Preplify highlighted the technical maturity required to build AI-assisted production products. The key insight is that the AI model is the easy part—the hard part is everything around it: the orchestration layer that handles failure gracefully, the state management that keeps multi-step sessions coherent, and the delivery pipeline that ensures reliability at scale.

Patterns I'd reuse:

  • The provider-agnostic LLM abstraction layer. Every AI-integrated product should treat provider APIs as interchangeable backends behind a stable internal interface.
  • The hybrid GraphQL + REST approach with clear conventions for when to use each.
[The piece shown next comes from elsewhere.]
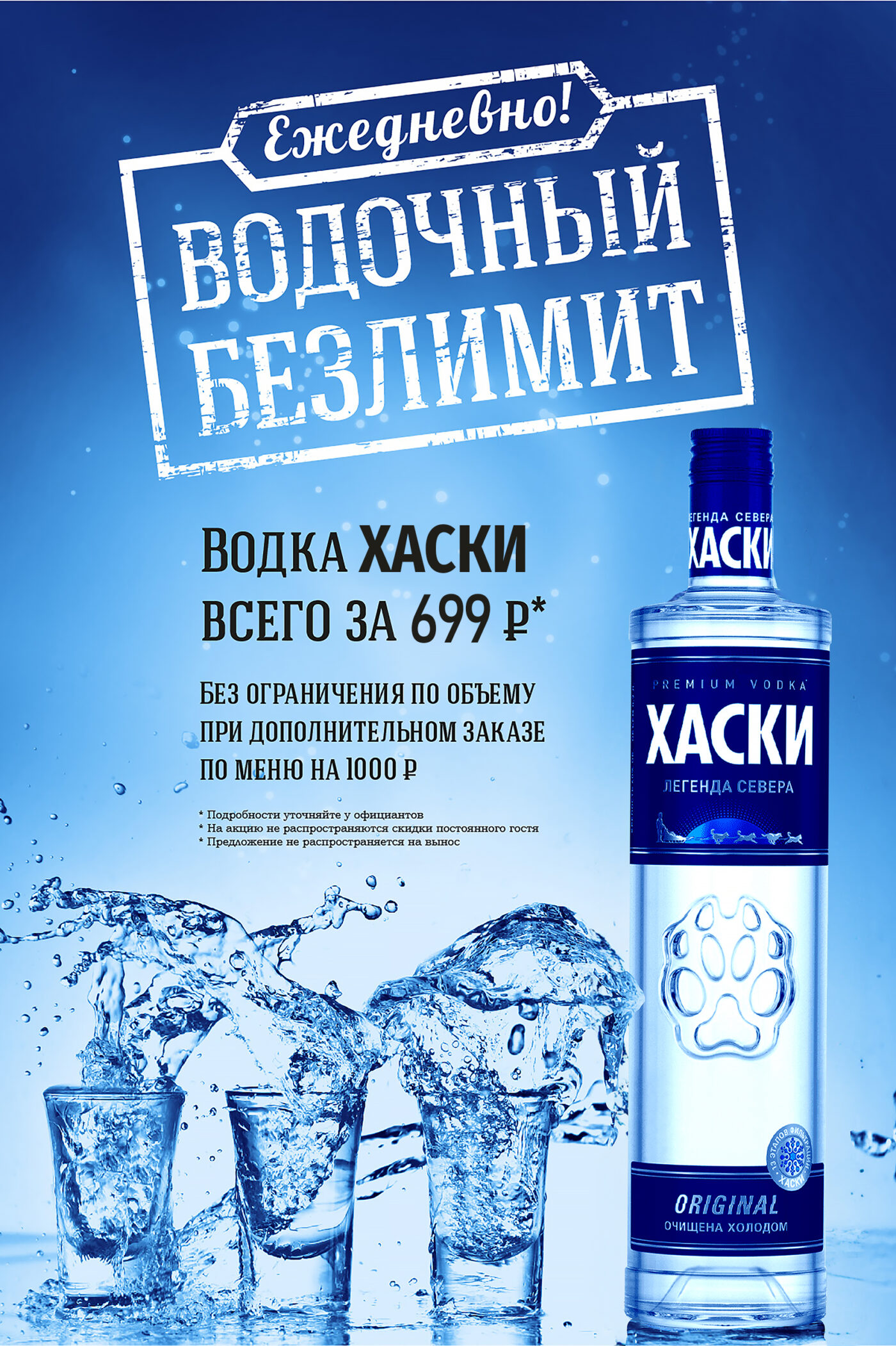 Закажите блюда из нашего меню на сумму от 1000 рублей на одного человека и получите неограниченное количество водки Хаски за доплату всего 699 рублей! Для тех, кто любит крепкий напиток, но не любит считать стопки! Акция действует только при условии участия в ней каждого гостя, находящегося за столом (за исключением беременных женщин и несовершеннолетних лиц).

This avoids the "GraphQL for everything" trap while still leveraging its strengths for relational data.
  • Zustand with persistence middleware for long-lived user sessions. The simplicity-to-power ratio is exceptional compared to Redux for this use case.

What I'd reconsider:

  • The prompt templating system could benefit from a more structured format (like a DSL or configuration-driven approach) rather than string templates, as prompt complexity grew faster than anticipated.
  • WebSocket connections for every interview session create server-side resource pressure at scale. A future iteration might explore server-sent events for the feedback direction (server → client) while keeping WebSockets only for bidirectional communication where truly needed.

Trade-offs acknowledged:

  • Chose Zustand over Redux for developer ergonomics, accepting that Redux DevTools and its ecosystem are more mature for debugging complex state flows.
  • Chose Clerk over custom auth to accelerate development, accepting the vendor dependency and per-user pricing in exchange for not building and maintaining auth infrastructure.
  • Chose a hybrid API architecture over pure GraphQL, accepting the maintenance cost of two API paradigms in exchange for using each where it naturally fits.